* [Given material]:
──────────
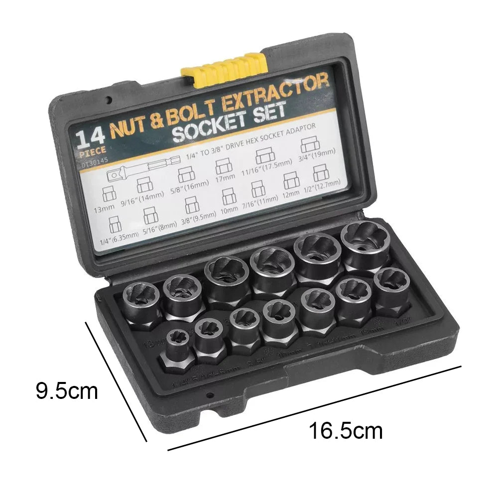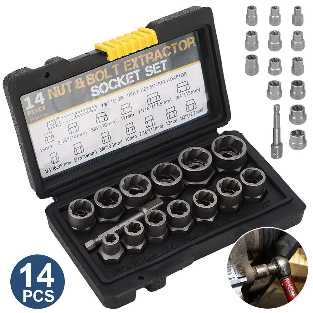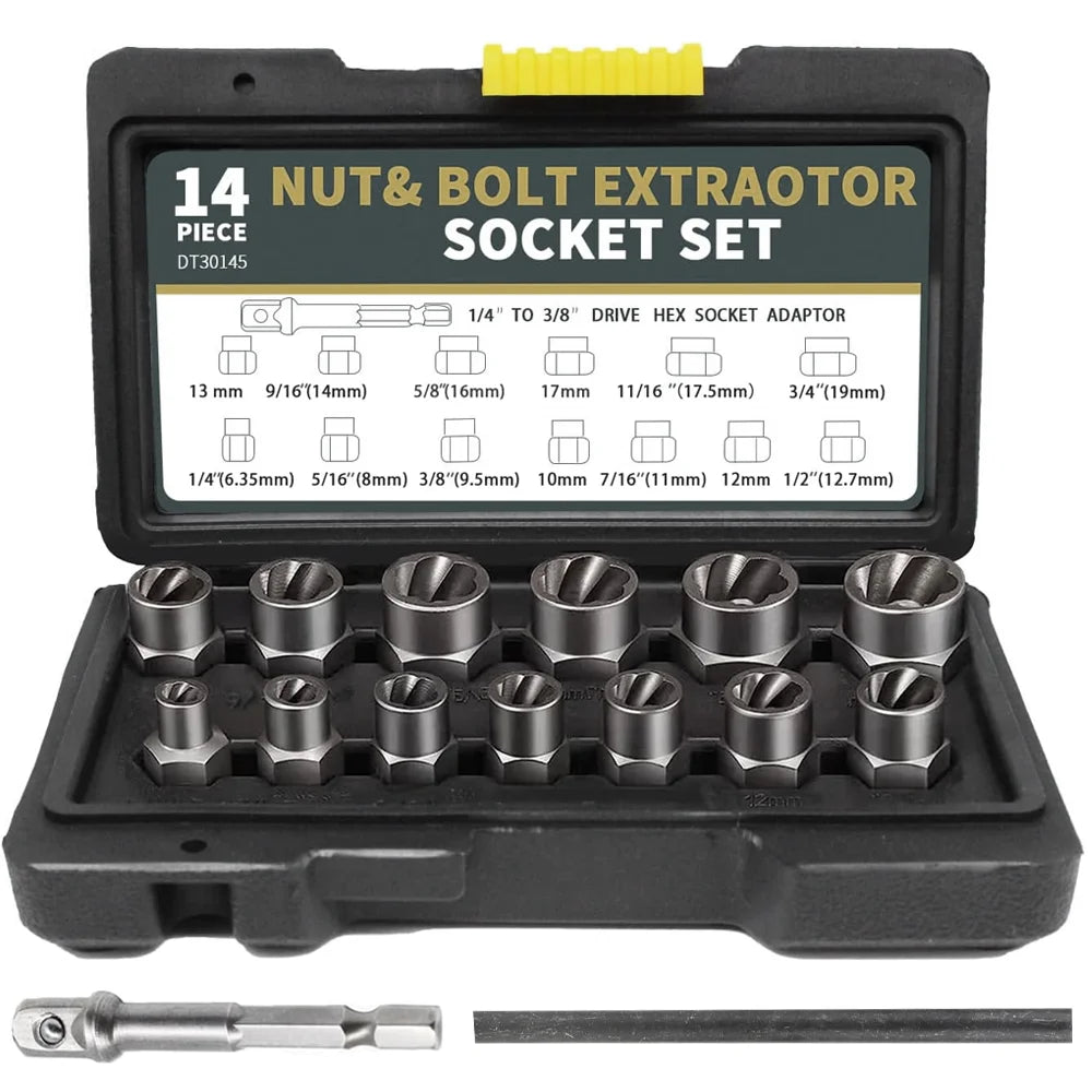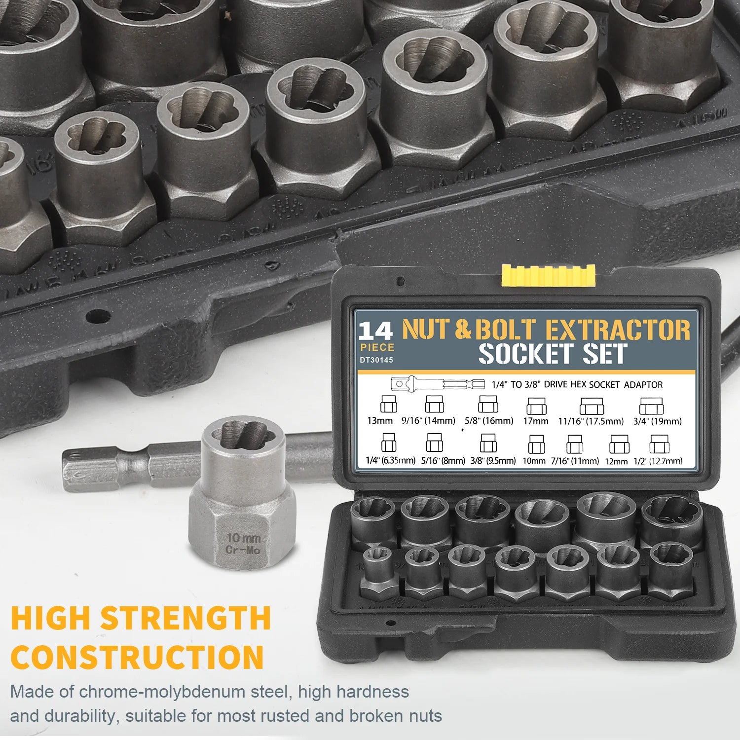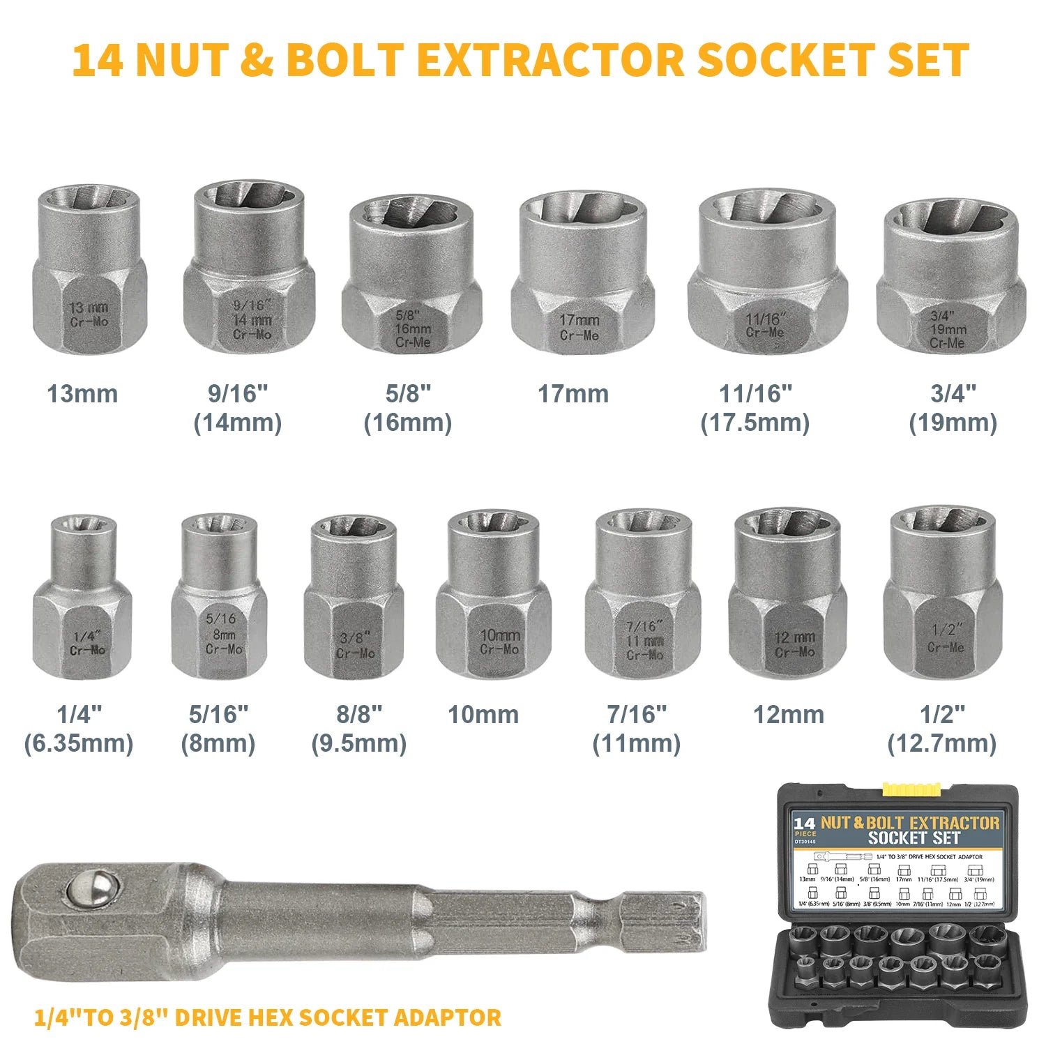 [EU-Lager] 14-teiliges Steckschlüsselset, Schlagschrauben-Mutterentferner-Set, Cr-Mo-Stahl-Schraubenausdreher-Werkzeugset für industrielle Schlagschrauben und Muttern
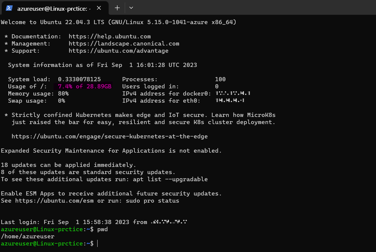 이제 로컬 환경 Windows의 Terminal을 열어서 SSH를 통해 생성한 가상 머신과 잘 연결했습니다.
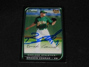 - Brooks Conrad autographed baseball card (Athletics) 2008 Bowman #BDP32 RookieOpens in a new window or tabEUR 16.07autographwarehousecom (6,779) 99.8%+EUR 18.75 shippingfrom United States
──────────
* [Problem]: Across the whole listing above, repeat each line exactly and leave out the images.

* [Exercise result]:
 [EU-Lager] 14-teiliges Steckschlüsselset, Schlagschrauben-Mutterentferner-Set, Cr-Mo-Stahl-Schraubenausdreher-Werkzeugset für industrielle Schlagschrauben und Muttern
 이제 로컬 환경 Windows의 Terminal을 열어서 SSH를 통해 생성한 가상 머신과 잘 연결했습니다.
 - Brooks Conrad autographed baseball card (Athletics) 2008 Bowman #BDP32 RookieOpens in a new window or tabEUR 16.07autographwarehousecom (6,779) 99.8%+EUR 18.75 shippingfrom United States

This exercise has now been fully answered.